* [Problem description]: The reply to the records below should contain exactly the lines from the line with "2 GIUGNO - Nella" through the line with "- Women’s woven button-up shacket", and nothing besides.

── Data records

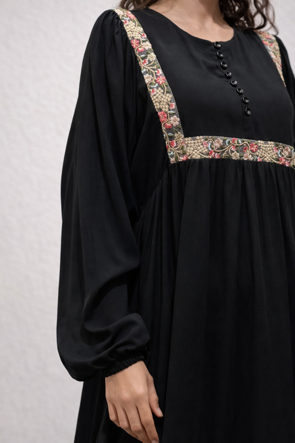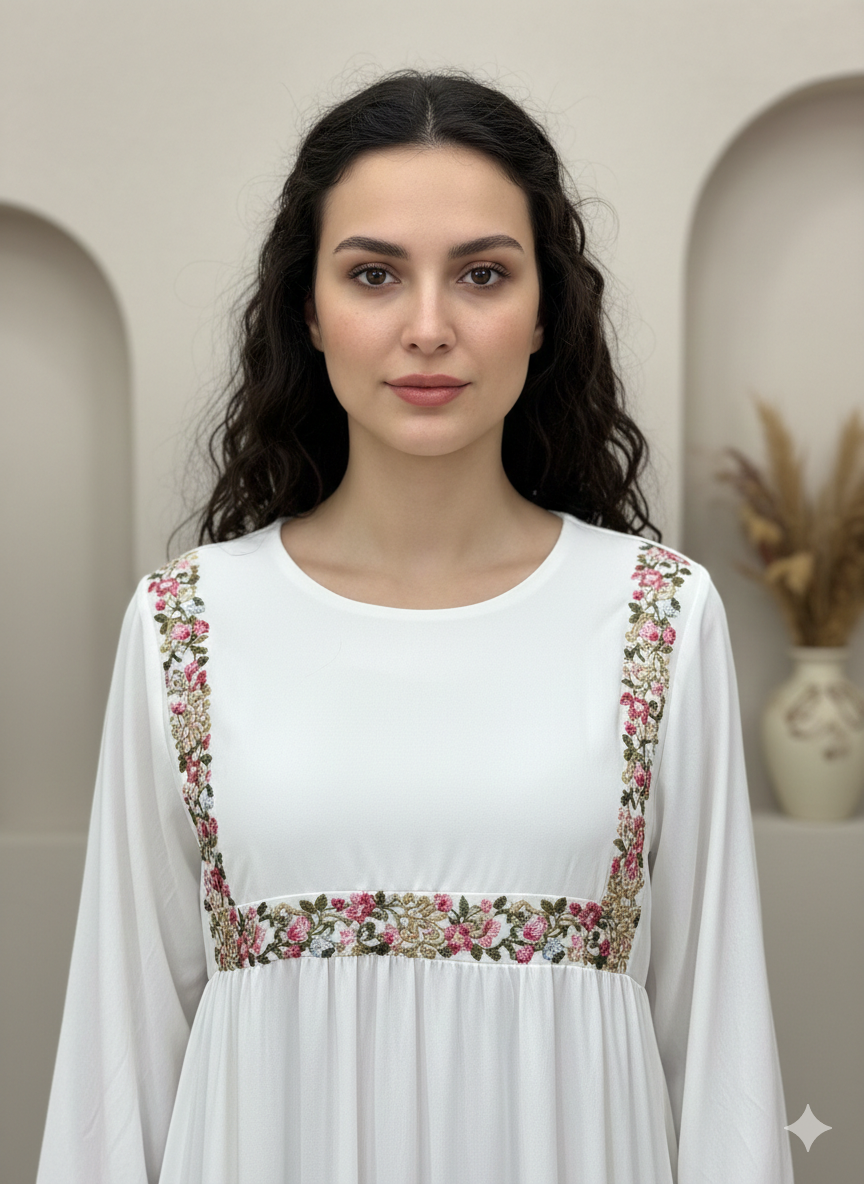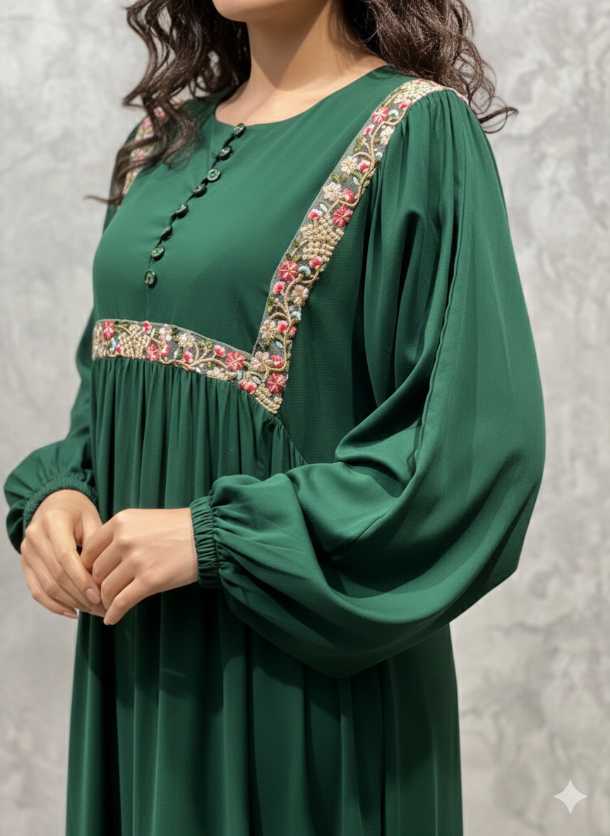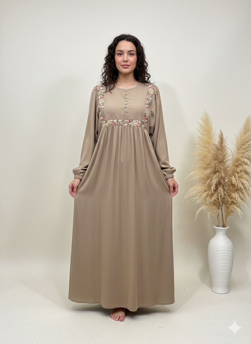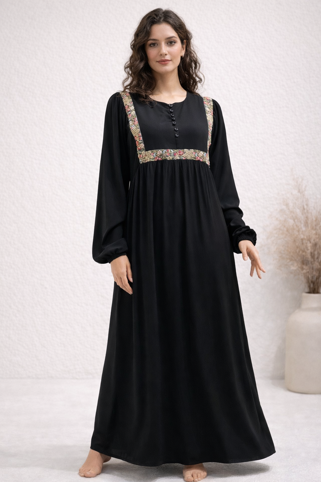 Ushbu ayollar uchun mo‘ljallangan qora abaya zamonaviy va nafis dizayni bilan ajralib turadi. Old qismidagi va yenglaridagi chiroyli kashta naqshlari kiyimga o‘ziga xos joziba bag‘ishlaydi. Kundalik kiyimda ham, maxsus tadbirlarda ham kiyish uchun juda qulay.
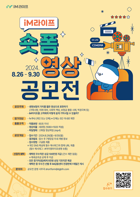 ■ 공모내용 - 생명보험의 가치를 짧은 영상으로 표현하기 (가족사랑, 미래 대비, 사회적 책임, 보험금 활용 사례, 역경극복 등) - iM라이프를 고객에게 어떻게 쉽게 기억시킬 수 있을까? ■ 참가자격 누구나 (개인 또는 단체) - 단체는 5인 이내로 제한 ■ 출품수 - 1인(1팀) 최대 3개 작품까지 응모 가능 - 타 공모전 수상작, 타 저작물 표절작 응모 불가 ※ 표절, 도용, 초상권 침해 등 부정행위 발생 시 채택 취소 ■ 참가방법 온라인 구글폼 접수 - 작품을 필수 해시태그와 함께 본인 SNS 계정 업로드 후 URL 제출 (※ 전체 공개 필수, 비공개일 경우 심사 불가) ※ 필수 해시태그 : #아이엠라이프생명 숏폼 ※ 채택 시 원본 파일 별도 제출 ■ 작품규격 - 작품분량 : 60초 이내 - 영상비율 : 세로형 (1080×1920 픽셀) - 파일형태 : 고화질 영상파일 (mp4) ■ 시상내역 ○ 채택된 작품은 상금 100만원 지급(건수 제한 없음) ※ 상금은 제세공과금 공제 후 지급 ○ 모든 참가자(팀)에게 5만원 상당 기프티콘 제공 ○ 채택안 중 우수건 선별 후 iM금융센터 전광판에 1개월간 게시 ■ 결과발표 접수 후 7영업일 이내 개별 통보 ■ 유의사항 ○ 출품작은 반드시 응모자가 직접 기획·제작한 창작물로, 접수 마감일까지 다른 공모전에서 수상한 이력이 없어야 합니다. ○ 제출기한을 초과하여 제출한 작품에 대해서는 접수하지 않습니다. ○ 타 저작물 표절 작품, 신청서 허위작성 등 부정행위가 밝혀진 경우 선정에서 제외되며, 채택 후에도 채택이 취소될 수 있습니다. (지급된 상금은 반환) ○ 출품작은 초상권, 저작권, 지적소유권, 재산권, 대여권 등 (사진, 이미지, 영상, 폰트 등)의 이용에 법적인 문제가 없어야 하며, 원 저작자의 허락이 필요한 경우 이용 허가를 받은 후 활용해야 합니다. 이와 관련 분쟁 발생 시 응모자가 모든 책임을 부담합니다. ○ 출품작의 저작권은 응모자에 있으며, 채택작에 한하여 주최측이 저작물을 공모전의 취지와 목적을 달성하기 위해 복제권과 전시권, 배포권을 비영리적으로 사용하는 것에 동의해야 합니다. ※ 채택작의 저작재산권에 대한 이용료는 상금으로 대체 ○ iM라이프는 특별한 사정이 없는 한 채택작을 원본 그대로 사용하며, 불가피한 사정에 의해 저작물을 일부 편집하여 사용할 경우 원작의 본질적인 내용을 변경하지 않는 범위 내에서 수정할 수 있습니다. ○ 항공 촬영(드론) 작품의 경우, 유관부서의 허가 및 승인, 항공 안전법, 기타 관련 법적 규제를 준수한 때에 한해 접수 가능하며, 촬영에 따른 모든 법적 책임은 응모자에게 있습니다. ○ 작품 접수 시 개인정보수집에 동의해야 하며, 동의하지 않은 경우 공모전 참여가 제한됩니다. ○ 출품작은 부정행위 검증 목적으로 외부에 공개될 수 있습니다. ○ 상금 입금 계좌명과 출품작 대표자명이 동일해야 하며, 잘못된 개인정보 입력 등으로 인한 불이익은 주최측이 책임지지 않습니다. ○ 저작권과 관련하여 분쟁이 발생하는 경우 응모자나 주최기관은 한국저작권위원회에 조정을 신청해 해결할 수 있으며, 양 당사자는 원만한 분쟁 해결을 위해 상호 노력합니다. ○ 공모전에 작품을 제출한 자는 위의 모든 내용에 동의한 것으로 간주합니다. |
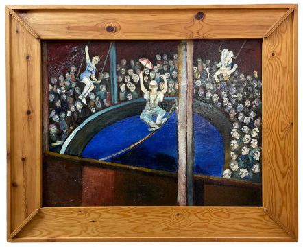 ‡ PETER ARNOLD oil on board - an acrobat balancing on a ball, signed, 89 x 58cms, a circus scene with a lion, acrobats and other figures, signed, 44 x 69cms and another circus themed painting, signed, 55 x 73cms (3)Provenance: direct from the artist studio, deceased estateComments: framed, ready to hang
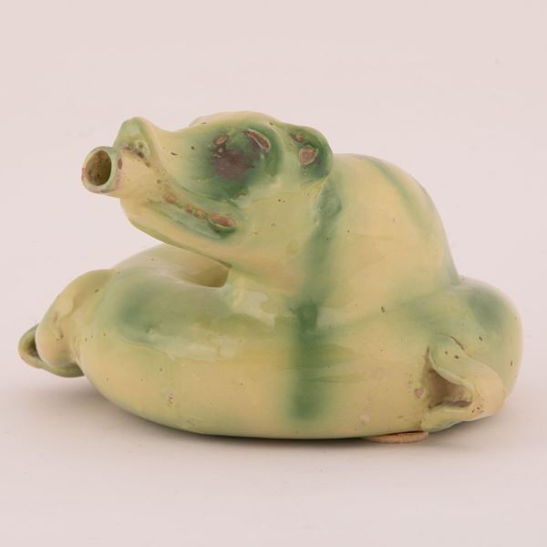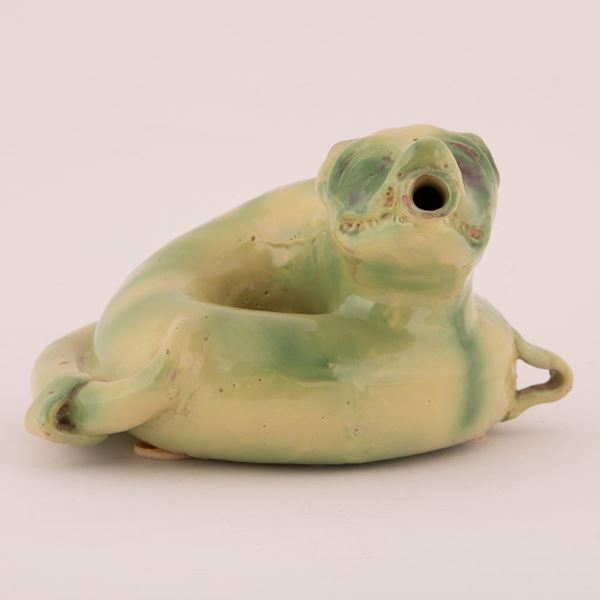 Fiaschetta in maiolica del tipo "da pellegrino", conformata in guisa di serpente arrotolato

────
── Data records

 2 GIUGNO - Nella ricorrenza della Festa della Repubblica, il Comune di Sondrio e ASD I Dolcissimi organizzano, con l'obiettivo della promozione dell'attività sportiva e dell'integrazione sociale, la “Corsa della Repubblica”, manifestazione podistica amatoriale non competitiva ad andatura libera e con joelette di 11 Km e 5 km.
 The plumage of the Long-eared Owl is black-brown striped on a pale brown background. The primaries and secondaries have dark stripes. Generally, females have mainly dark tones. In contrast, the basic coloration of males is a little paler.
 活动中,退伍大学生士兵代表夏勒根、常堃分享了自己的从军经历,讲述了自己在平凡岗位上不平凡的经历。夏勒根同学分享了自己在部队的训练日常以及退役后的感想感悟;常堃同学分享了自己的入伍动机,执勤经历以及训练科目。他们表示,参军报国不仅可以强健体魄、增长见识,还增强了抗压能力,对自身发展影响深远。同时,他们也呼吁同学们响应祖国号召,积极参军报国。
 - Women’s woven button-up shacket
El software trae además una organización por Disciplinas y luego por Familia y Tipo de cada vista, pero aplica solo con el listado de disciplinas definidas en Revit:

────

* [Answer to this exercise]:
 2 GIUGNO - Nella ricorrenza della Festa della Repubblica, il Comune di Sondrio e ASD I Dolcissimi organizzano, con l'obiettivo della promozione dell'attività sportiva e dell'integrazione sociale, la “Corsa della Repubblica”, manifestazione podistica amatoriale non competitiva ad andatura libera e con joelette di 11 Km e 5 km.
 The plumage of the Long-eared Owl is black-brown striped on a pale brown background. The primaries and secondaries have dark stripes. Generally, females have mainly dark tones. In contrast, the basic coloration of males is a little paler.
 活动中,退伍大学生士兵代表夏勒根、常堃分享了自己的从军经历,讲述了自己在平凡岗位上不平凡的经历。夏勒根同学分享了自己在部队的训练日常以及退役后的感想感悟;常堃同学分享了自己的入伍动机,执勤经历以及训练科目。他们表示,参军报国不仅可以强健体魄、增长见识,还增强了抗压能力,对自身发展影响深远。同时,他们也呼吁同学们响应祖国号召,积极参军报国。
 - Women’s woven button-up shacket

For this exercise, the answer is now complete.